— Task instructions —
All entries are to be reproduced exactly; the pictures are to be omitted.

(Given records Opens)

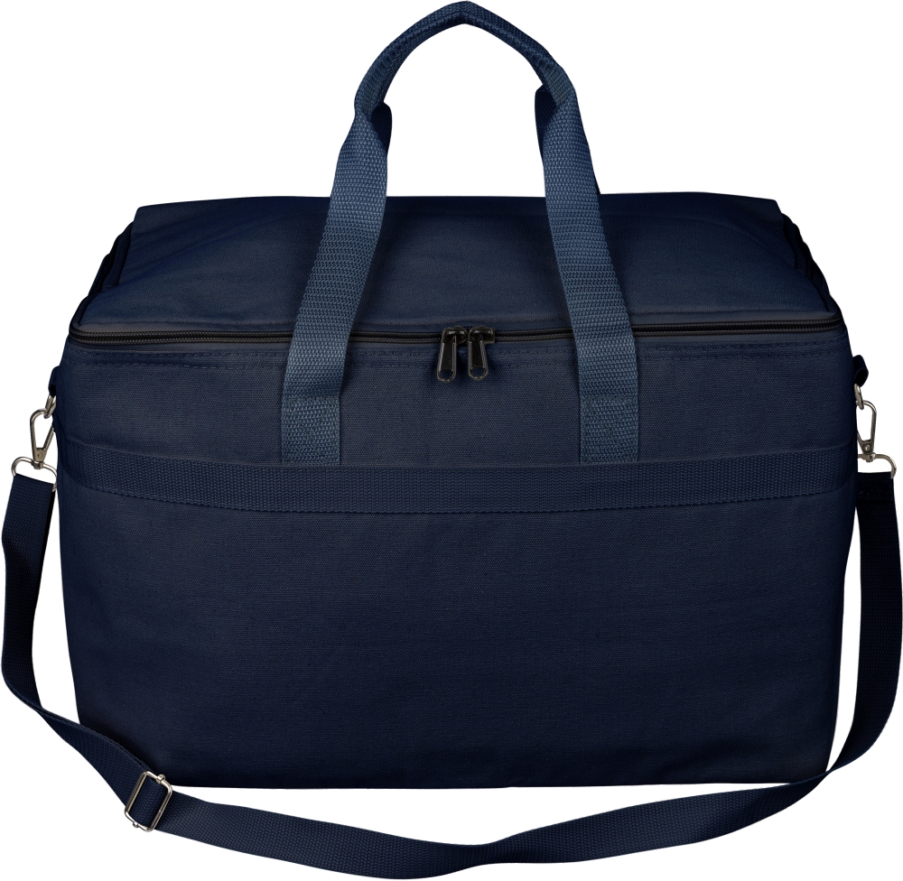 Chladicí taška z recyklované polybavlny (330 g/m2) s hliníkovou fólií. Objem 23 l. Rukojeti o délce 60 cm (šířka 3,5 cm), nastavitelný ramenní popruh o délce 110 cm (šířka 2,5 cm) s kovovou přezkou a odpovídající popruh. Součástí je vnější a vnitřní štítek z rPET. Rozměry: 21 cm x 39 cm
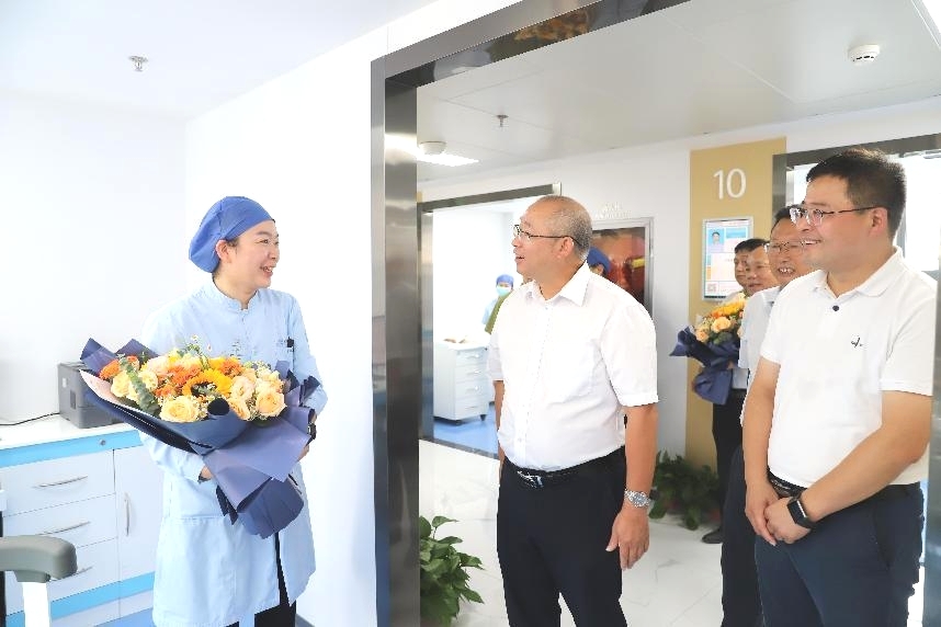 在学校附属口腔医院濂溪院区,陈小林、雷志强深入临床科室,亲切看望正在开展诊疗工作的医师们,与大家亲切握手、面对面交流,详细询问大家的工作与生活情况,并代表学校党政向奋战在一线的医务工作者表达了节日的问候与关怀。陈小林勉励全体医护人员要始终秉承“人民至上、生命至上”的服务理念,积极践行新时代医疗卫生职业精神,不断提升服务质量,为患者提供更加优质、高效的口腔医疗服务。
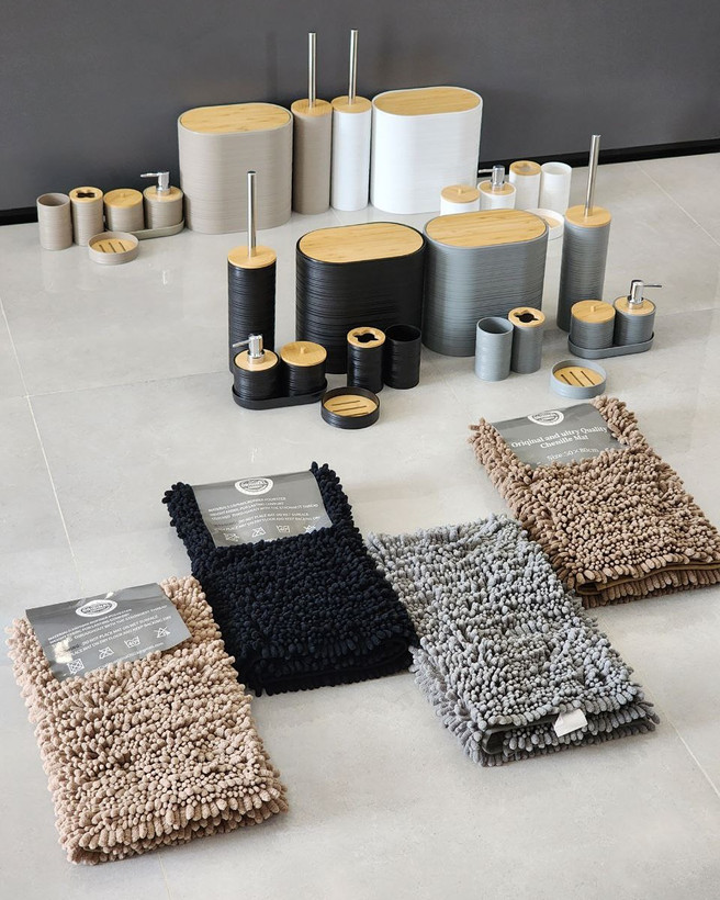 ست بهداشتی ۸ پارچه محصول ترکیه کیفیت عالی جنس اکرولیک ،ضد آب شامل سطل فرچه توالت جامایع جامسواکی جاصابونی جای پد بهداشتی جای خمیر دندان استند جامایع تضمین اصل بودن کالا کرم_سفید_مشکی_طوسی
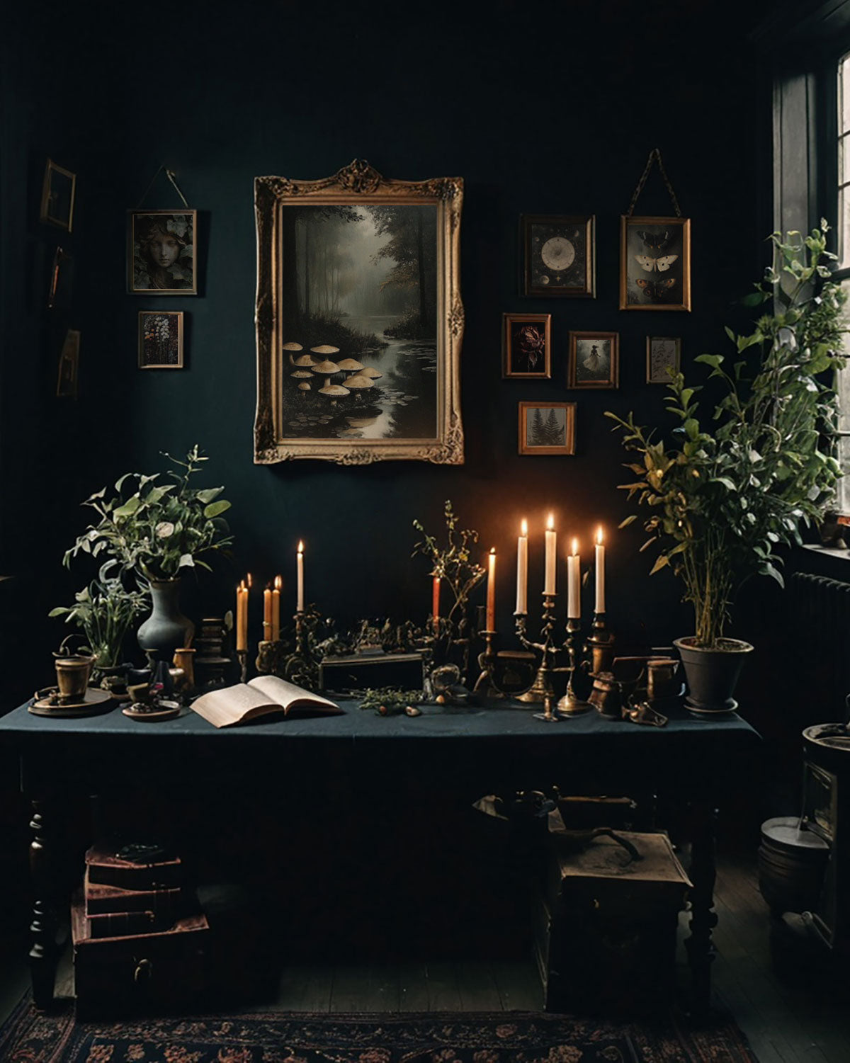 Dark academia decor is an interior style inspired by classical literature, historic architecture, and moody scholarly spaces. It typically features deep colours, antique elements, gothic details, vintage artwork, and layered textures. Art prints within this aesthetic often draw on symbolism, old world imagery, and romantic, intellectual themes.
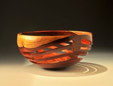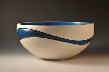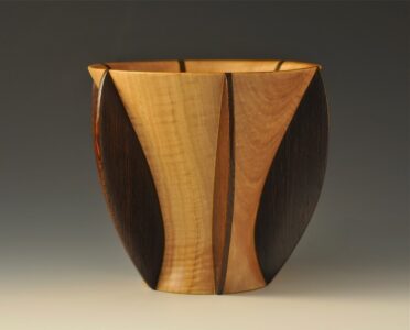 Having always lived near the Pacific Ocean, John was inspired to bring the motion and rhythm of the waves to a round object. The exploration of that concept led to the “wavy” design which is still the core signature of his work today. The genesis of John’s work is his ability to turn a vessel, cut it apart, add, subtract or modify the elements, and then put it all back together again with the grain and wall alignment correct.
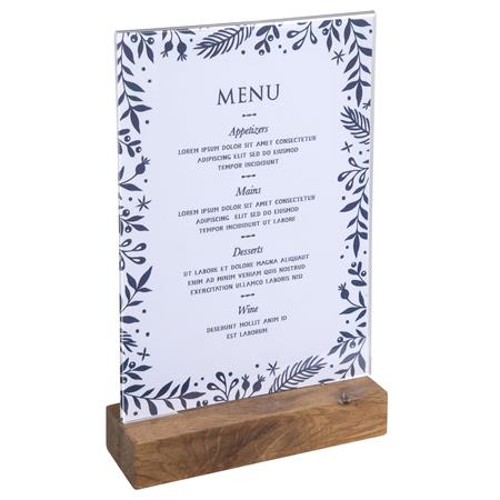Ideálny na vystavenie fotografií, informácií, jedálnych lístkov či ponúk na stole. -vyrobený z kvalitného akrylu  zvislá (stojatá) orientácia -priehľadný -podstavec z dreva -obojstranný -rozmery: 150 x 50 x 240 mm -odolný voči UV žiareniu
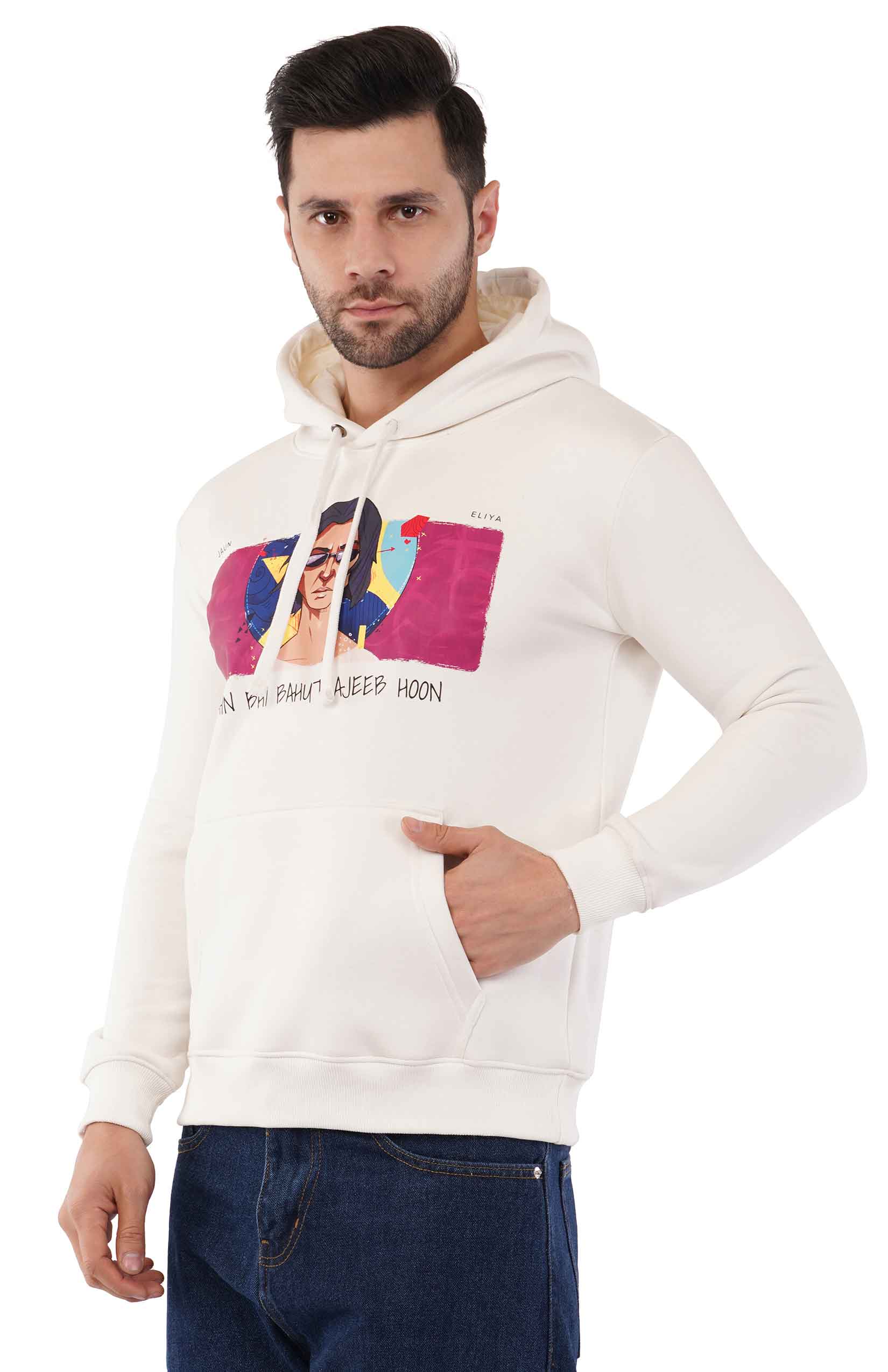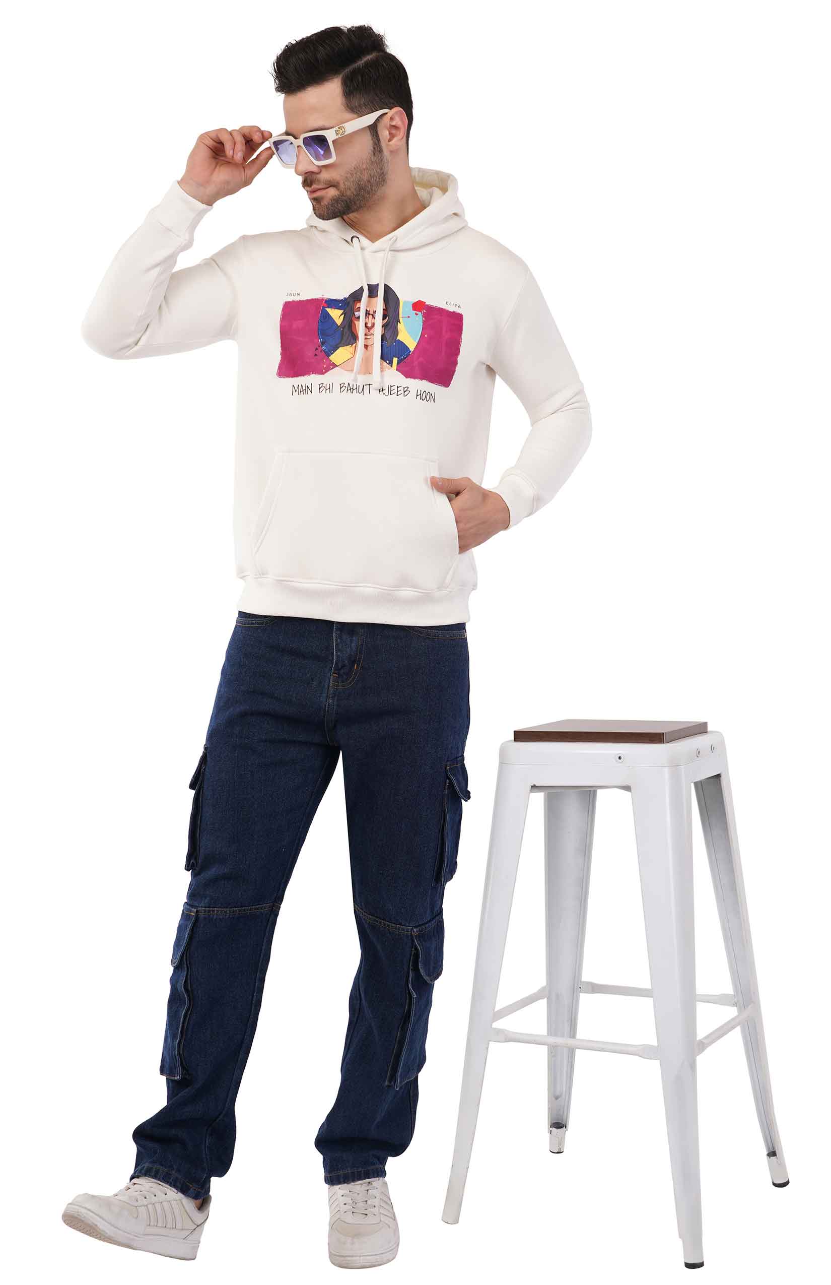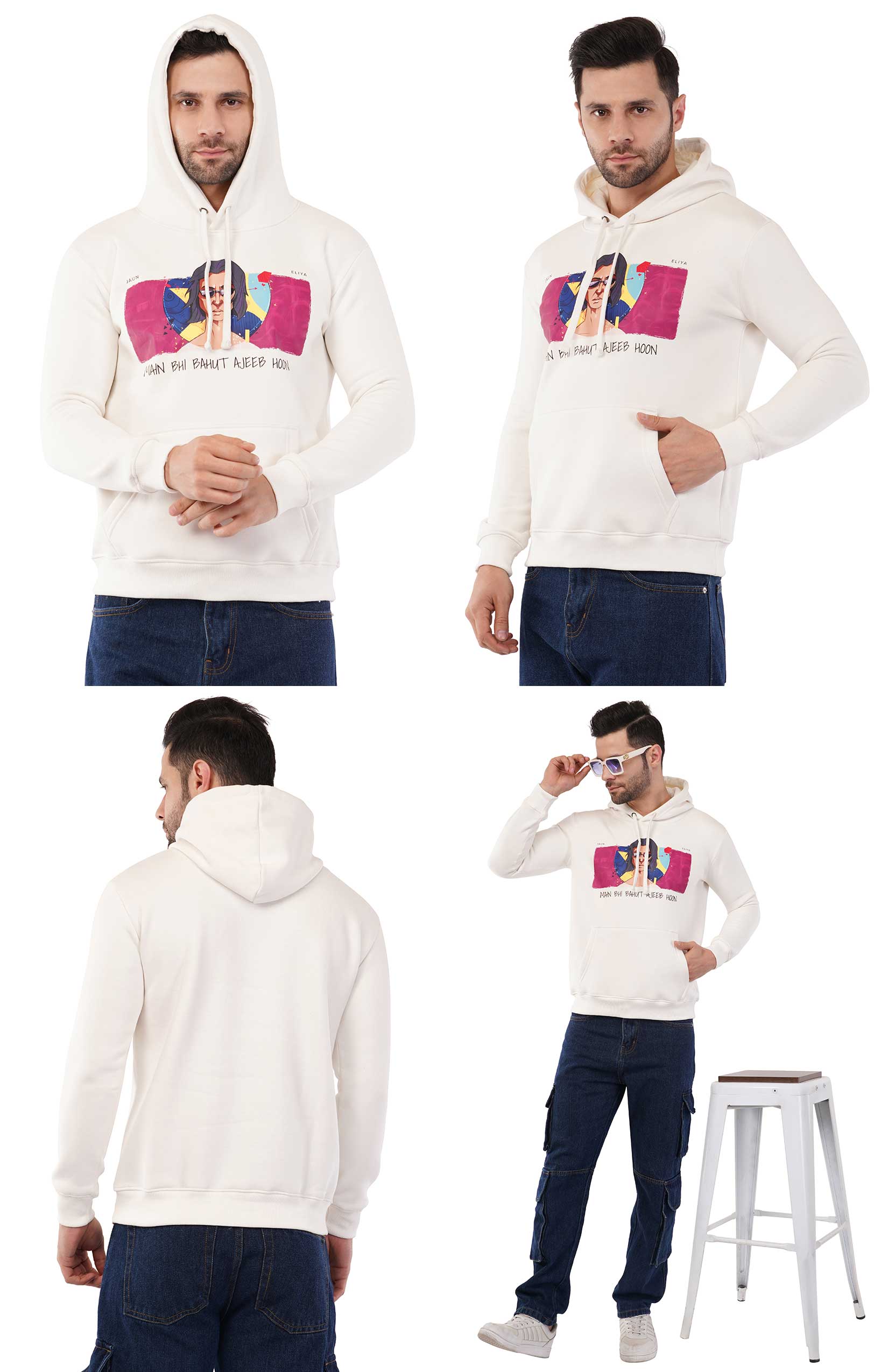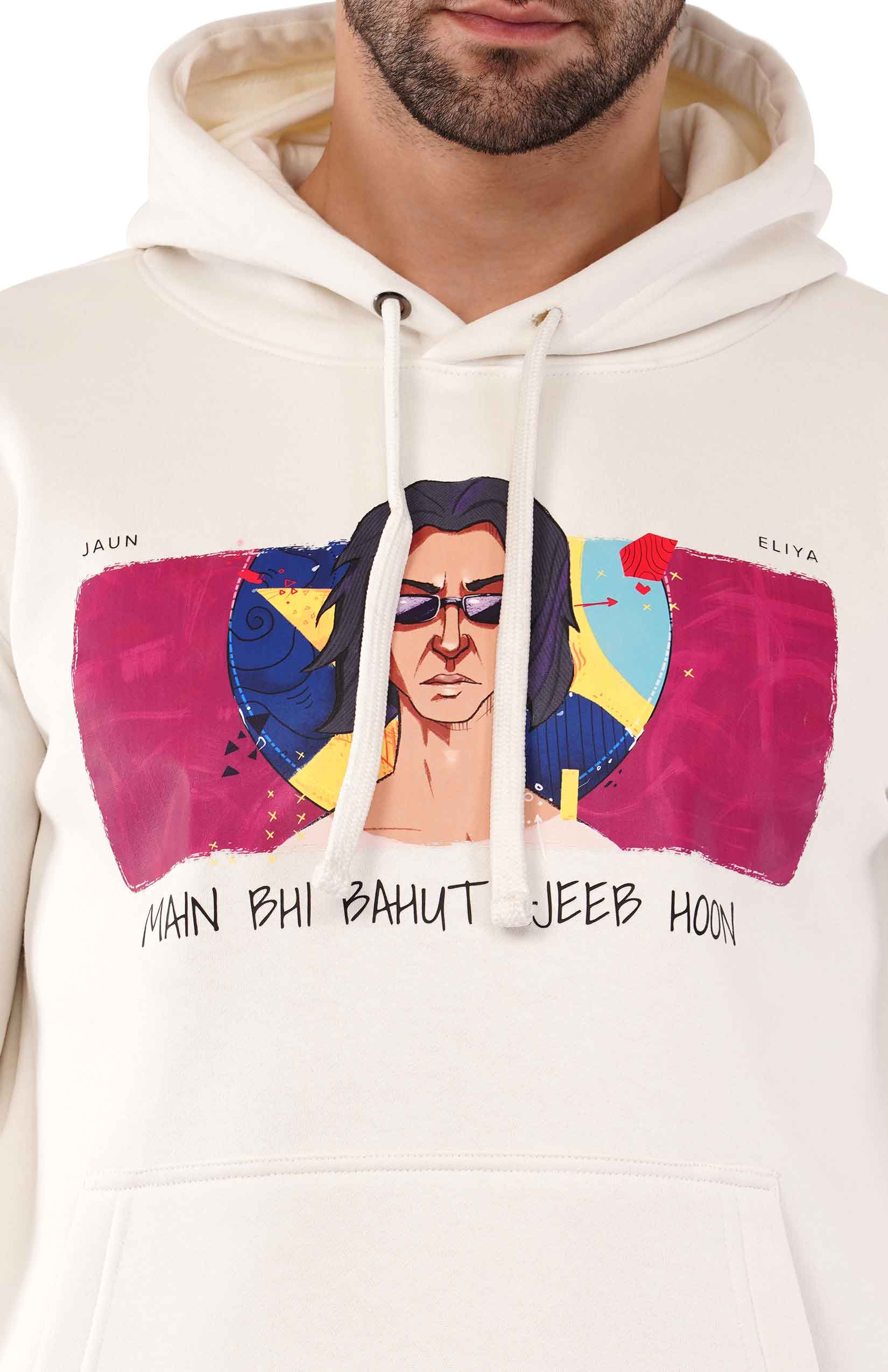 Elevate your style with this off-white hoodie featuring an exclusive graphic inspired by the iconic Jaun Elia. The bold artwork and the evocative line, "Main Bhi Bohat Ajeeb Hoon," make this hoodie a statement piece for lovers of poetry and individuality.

(Given records Closes)

— Result —
 Chladicí taška z recyklované polybavlny (330 g/m2) s hliníkovou fólií. Objem 23 l. Rukojeti o délce 60 cm (šířka 3,5 cm), nastavitelný ramenní popruh o délce 110 cm (šířka 2,5 cm) s kovovou přezkou a odpovídající popruh. Součástí je vnější a vnitřní štítek z rPET. Rozměry: 21 cm x 39 cm
 在学校附属口腔医院濂溪院区,陈小林、雷志强深入临床科室,亲切看望正在开展诊疗工作的医师们,与大家亲切握手、面对面交流,详细询问大家的工作与生活情况,并代表学校党政向奋战在一线的医务工作者表达了节日的问候与关怀。陈小林勉励全体医护人员要始终秉承“人民至上、生命至上”的服务理念,积极践行新时代医疗卫生职业精神,不断提升服务质量,为患者提供更加优质、高效的口腔医疗服务。
 ست بهداشتی ۸ پارچه محصول ترکیه کیفیت عالی جنس اکرولیک ،ضد آب شامل سطل فرچه توالت جامایع جامسواکی جاصابونی جای پد بهداشتی جای خمیر دندان استند جامایع تضمین اصل بودن کالا کرم_سفید_مشکی_طوسی
 Dark academia decor is an interior style inspired by classical literature, historic architecture, and moody scholarly spaces. It typically features deep colours, antique elements, gothic details, vintage artwork, and layered textures. Art prints within this aesthetic often draw on symbolism, old world imagery, and romantic, intellectual themes.
 Having always lived near the Pacific Ocean, John was inspired to bring the motion and rhythm of the waves to a round object. The exploration of that concept led to the “wavy” design which is still the core signature of his work today. The genesis of John’s work is his ability to turn a vessel, cut it apart, add, subtract or modify the elements, and then put it all back together again with the grain and wall alignment correct.
Ideálny na vystavenie fotografií, informácií, jedálnych lístkov či ponúk na stole. -vyrobený z kvalitného akrylu  zvislá (stojatá) orientácia -priehľadný -podstavec z dreva -obojstranný -rozmery: 150 x 50 x 240 mm -odolný voči UV žiareniu
 Elevate your style with this off-white hoodie featuring an exclusive graphic inspired by the iconic Jaun Elia. The bold artwork and the evocative line, "Main Bhi Bohat Ajeeb Hoon," make this hoodie a statement piece for lovers of poetry and individuality.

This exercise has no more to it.